# Ports upgrade question



## tgphelps (Jan 15, 2009)

(I'm fairly new to FreeBSD, but not to Unix in general. I've run AIX and Linux for years.)
I've been reading the Handbook sections on upgrades and such, and am not clear on best practices for upgrading the ports.

From what I read, I think there is only one choice about upgrading ports: Either upgrade or don't. That is, there is no "ports for FreeBSD 7" nor "ports if you're following -CURRENT or -STABLE" nor any other option. Is this true?

If it's not true, can you please point me at docs that explains the options.

If it IS true, then does this imply that any reasonable port will run on any reasonable version of FreeBSD? Or is the port expected to configure its installation so it DOES run on any FreeBSD version?

Also, I read somewhere (Handbook?) that any FreeBSD upgrade would like break all my ports, and they should be reinstalled. is this true? If so, why is that? Shouldn't ports be not so fragile?


----------



## tgphelps (Jan 15, 2009)

Yes, I can see now that I should have posted this to the ports upgrade/maint forum, but I'm new here, and missed it.


----------



## ale (Jan 15, 2009)

tgphelps said:
			
		

> From what I read, I think there is only one choice about upgrading ports: Either upgrade or don't. That is, there is no "ports for FreeBSD 7" nor "ports if you're following -CURRENT or -STABLE" nor any other option. Is this true?


Yes, there is just one branch for ports.



			
				tgphelps said:
			
		

> If it IS true, then does this imply that any reasonable port will run on any reasonable version of FreeBSD? Or is the port expected to configure its installation so it DOES run on any FreeBSD version?


No. I think that at this moment, ports are supported only for 6 and above.



			
				tgphelps said:
			
		

> Also, I read somewhere (Handbook?) that any FreeBSD upgrade would like break all my ports, and they should be reinstalled. is this true? If so, why is that? Shouldn't ports be not so fragile?

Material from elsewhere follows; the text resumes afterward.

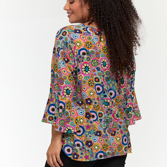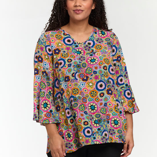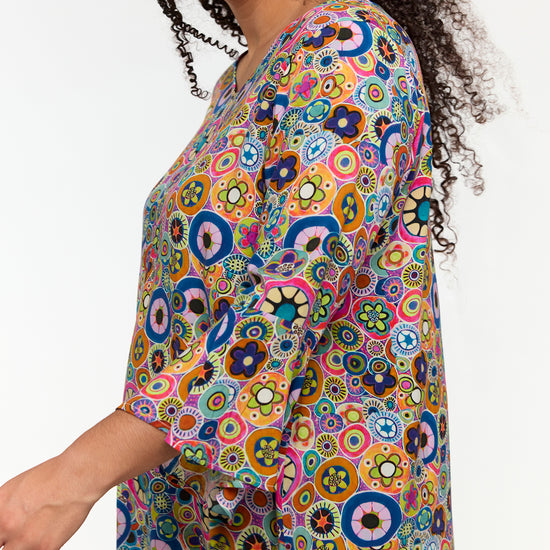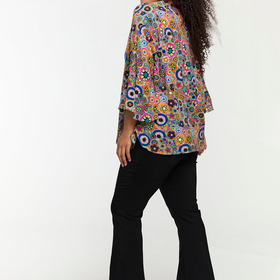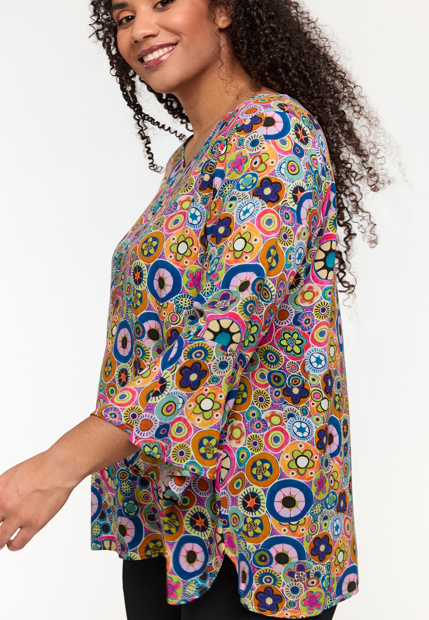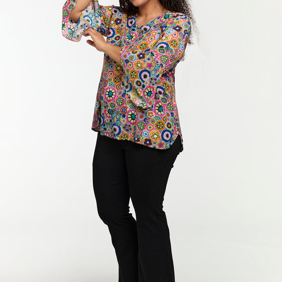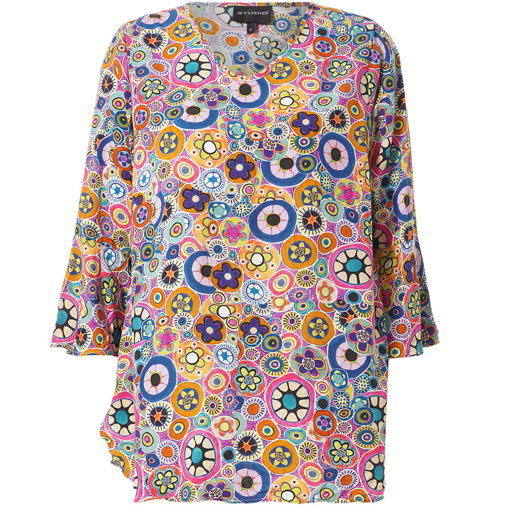 Leder du efter en bluse, der kombinerer komfort og stil? Denne smukke bluse fra Studio er syet i 100% viskose og prydet med et livligt cirkel multi-color print i blå, pink, grønne og hvide nuancer. Den løse, let A-formede silhuet og det bløde materiale giver dig et afslappet, men feminint udtryk.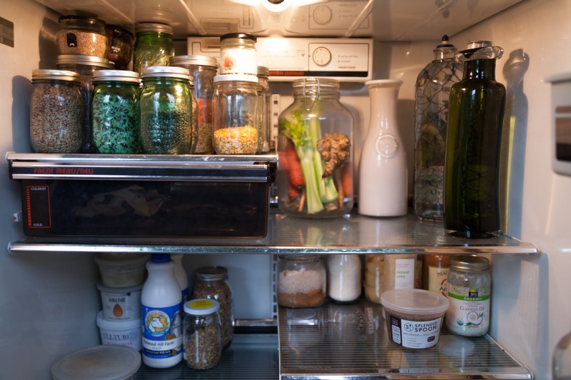 Fridge Voyeur is a virtual visit into the chill zone of the Spoon Crew — our team, our friends, and some of your favorite wellness gurus. We may eat a lot of soup and stews, but you better believe there’s a whole lot of variety, and a little bit of naughty, going on behind closed doors. We know you want a peek ;)

Probably what you read is that if you upgrade between FreeBSD major versions you have to reinstall all the ports.
The reason could be the differences between libraries in the base system, to which the built ports (packages) has been compiled and linked.


----------



## jb_fvwm2 (Jan 16, 2009)

you do not have to reinstall
if you upgrade you can 
#ldd /bin/local/bin/SOMETHING and it will show if any
"not founds" exist or if the binary still works
with /compat6x/ /compat7x/ etc already installed  (unclear
here if BOTH kernel AND /port/ of the compat6 etc are necc.)
you can deinstall and rebuild the port or fetch a package
(the latter might fail of dependencies which need bumping).
.........
so before an upgrade you'd want your critical programs list
to check, and Possibly! rebuild immediately.
.........
caveat, the process might be more tedious if .so 's also
fail in addition to binaries.
...........
to sum up, while testing a new motherboard, I coincidentally
had source on the new disk, did a _6 _7 and everything that
I tried still worked IIRC  (I remember only a few minutes of it though)


----------



## kamikaze (Jan 16, 2009)

The ports _sysutils/bsdadminscripts_ contains a script called [cmd=]pkg_libchk[/cmd] that can list all packages that require rebuilding.

After a system upgrade you can install _misc/compatXx_ (replace X with your previous major version) to keep things running. However you _should_ reinstall the packages listed by pkg_libchk for performance reasons.


----------